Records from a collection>
++++++++++++++++++++

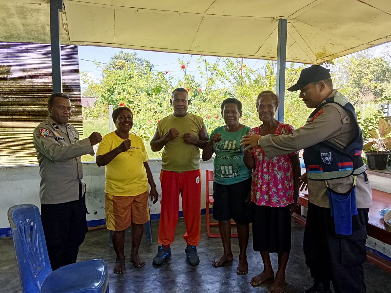 Guna menjalin silaturahmi kepada warga masyarakat, Sat Binmas Polres Sarmi mengunjungi Ondoafi Kampung Tafarewar
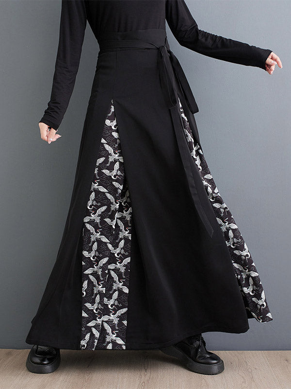 Momentlover Tied Waist Split-Joint Printed Pleated High Waisted A-Line Skirts
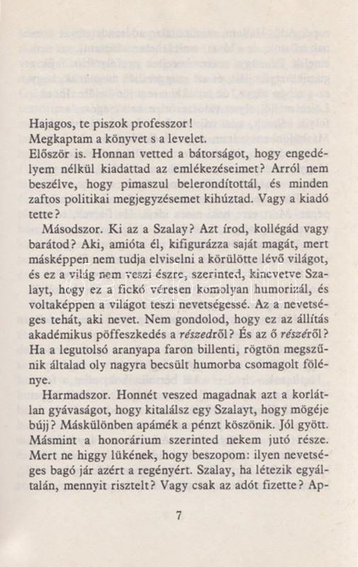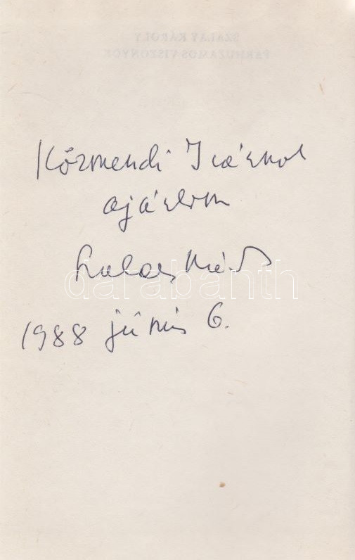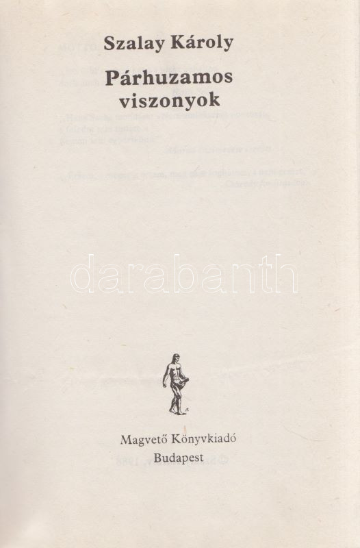 Szalay Károly: Párhuzamos viszonyok. (Regény.) (Dedikált.) Budapest, (1988). MagvetÅ‘ Könyvkiadó (Sylvester János Nyomda, Szombathely). 558 + [6] p. ElsÅ‘ kiadás. Dedikált: ,,Körmendi Ivánnak ajánlom: Szalay Károly. 1988. június 6." A szerzÅ‘ 1956-os trilógiájának önmagában is megálló, középsÅ‘ darabja. A forradalomnak emléket állÃtó, nem mellesleg erotikus részletekben bÅ‘velkedÅ‘ regény az 1988-as könyvhét egyik nagy sikere volt. Kiadói egészvászon kötésben, eredeti, illusztrált védÅ‘borÃtóban. Jó példány.
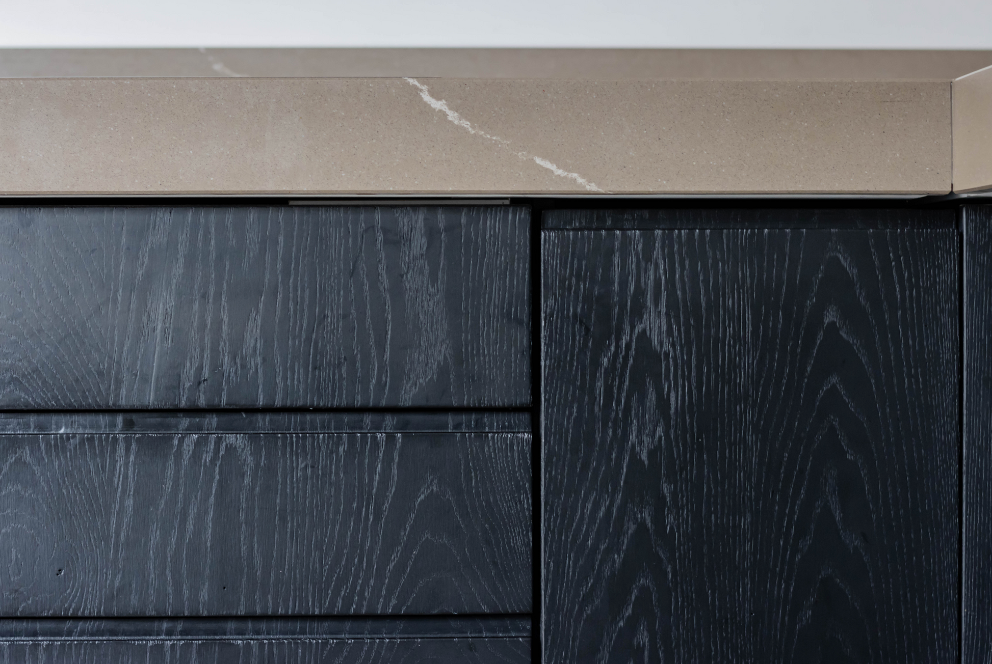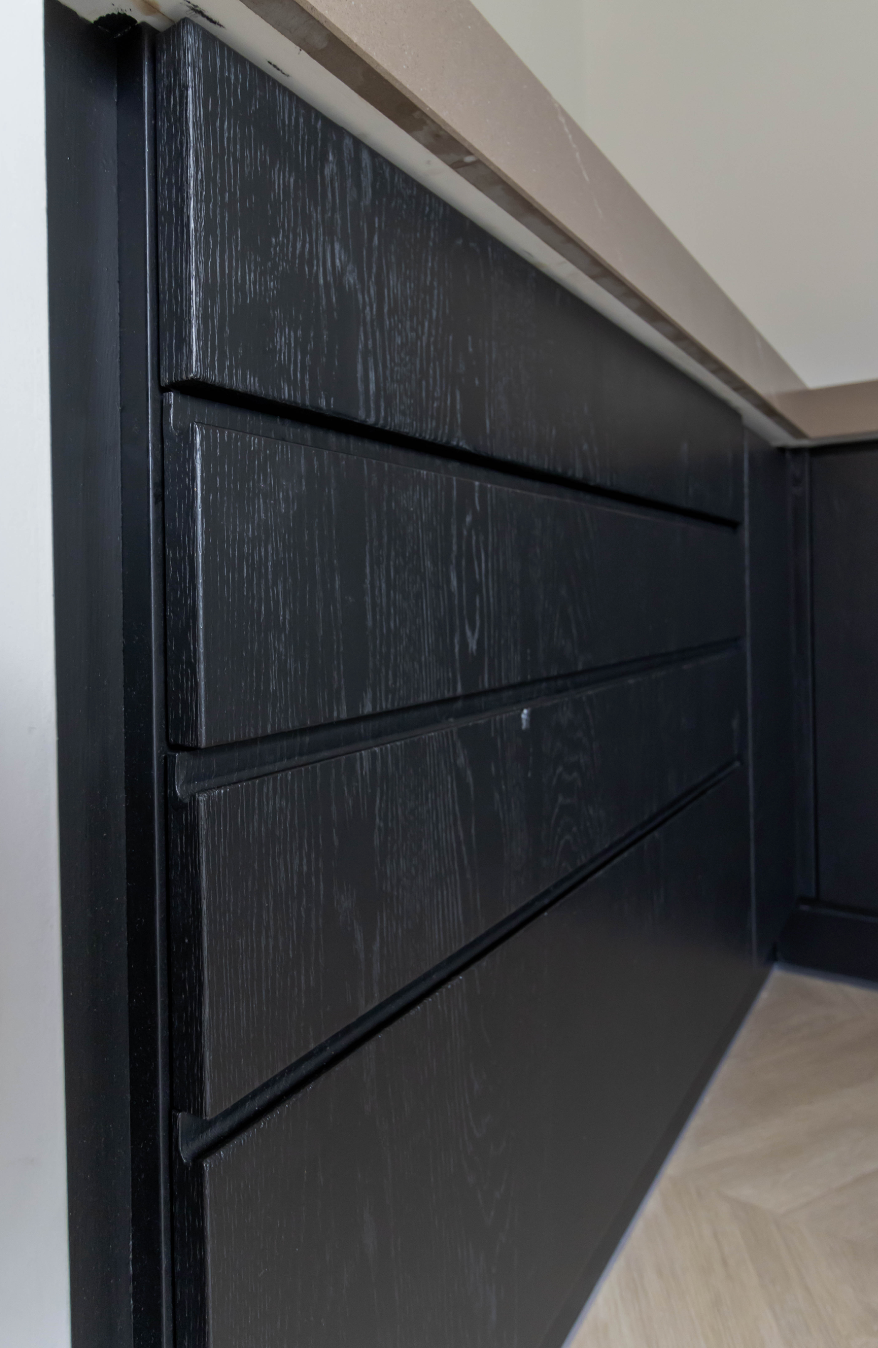 Onze rustiek eiken keukenfronten geven jouw keuken een stoere, karaktervolle uitstraling. Gemaakt van massief eikenhout (20 mm dik), geborsteld en behandeld met een zwarte dekkende behandeling.
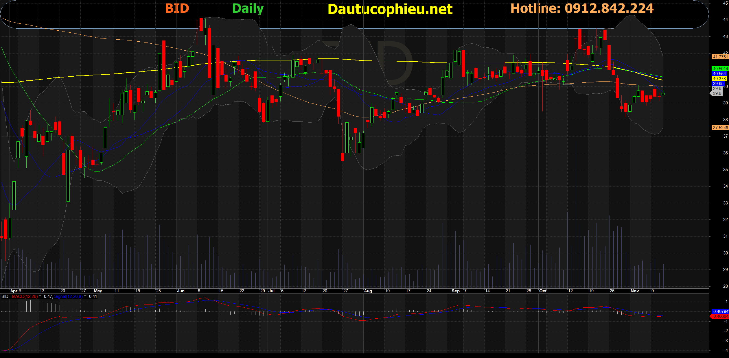Đồ thị cổ phiếu BID phiên giao dịch ngày 12/11/2020. Nguồn: AmiBroker
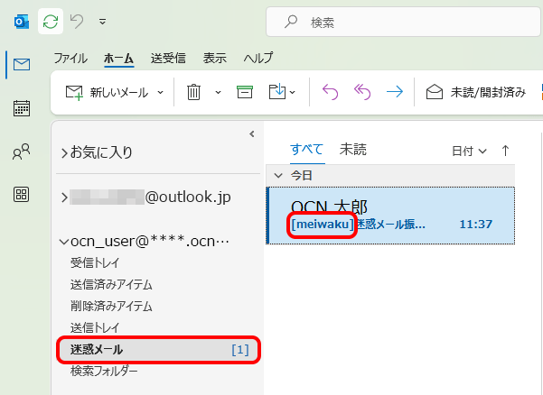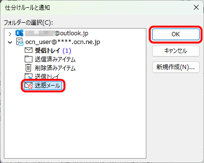Outlook 2024で、OCNの[迷惑メール自動判定]にて迷惑メールと判定されたメールを、フォルダーに振り分ける方法をご案内します。
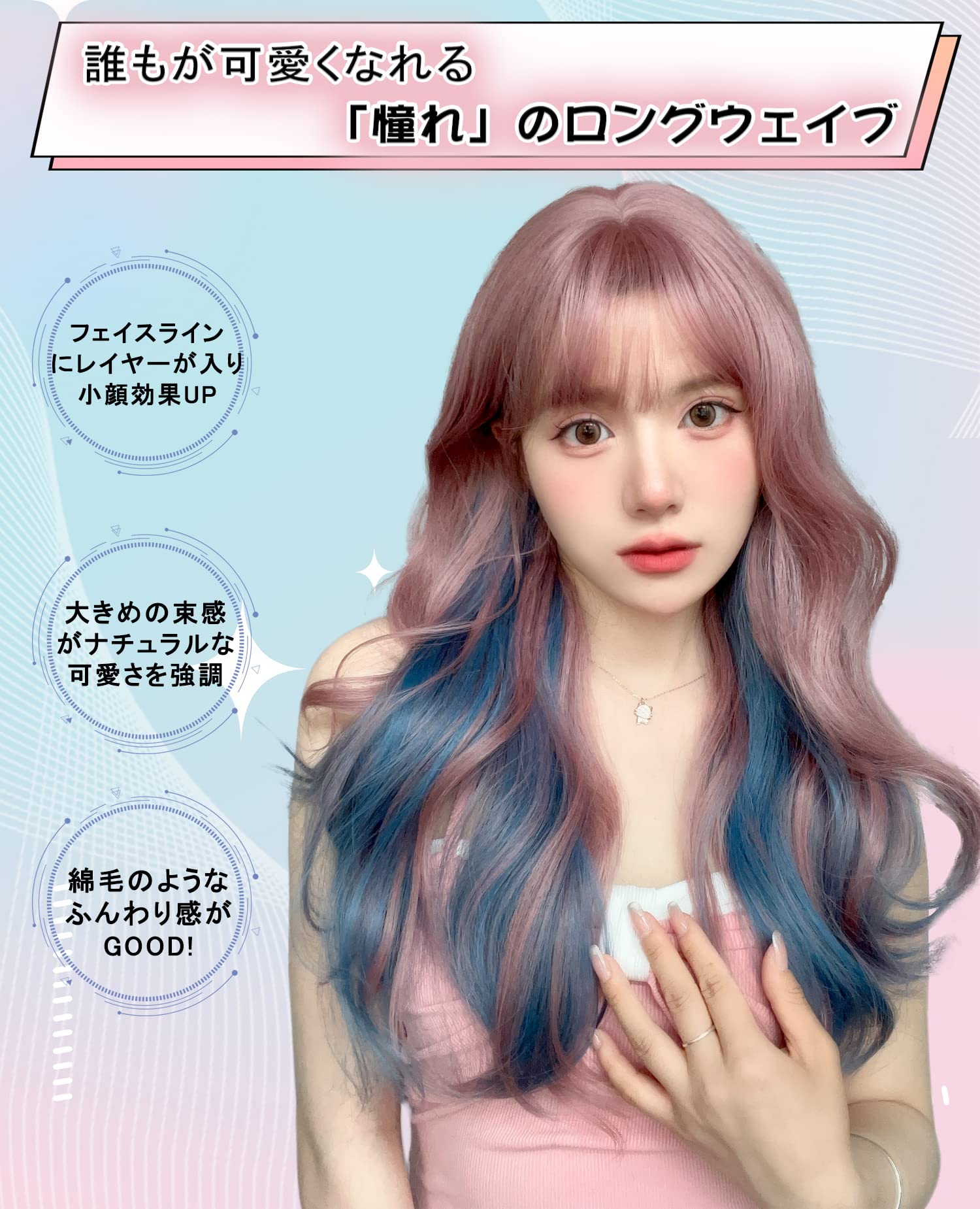 誰も可愛くなれる「ふんわりウェーブウィッグ」です。すこし長めのレイヤーは入っているので、フェイスラインをカバーして小顔効果UP!洗練されたゆるめのウェーブが、さらに愛らしいイメージをアップ。地毛だとセットが大変なロングウェーブもウィッグなら簡単に再現可能。

++++++++++++++++++++

Your objective> Exactly the lines from the one with "Outlook 2024で、" through the end of the records should be written out, and only those. Pictures do not belong in the copy.

Output for this exercise>
Outlook 2024で、OCNの[迷惑メール自動判定]にて迷惑メールと判定されたメールを、フォルダーに振り分ける方法をご案内します。
 誰も可愛くなれる「ふんわりウェーブウィッグ」です。すこし長めのレイヤーは入っているので、フェイスラインをカバーして小顔効果UP!洗練されたゆるめのウェーブが、さらに愛らしいイメージをアップ。地毛だとセットが大変なロングウェーブもウィッグなら簡単に再現可能。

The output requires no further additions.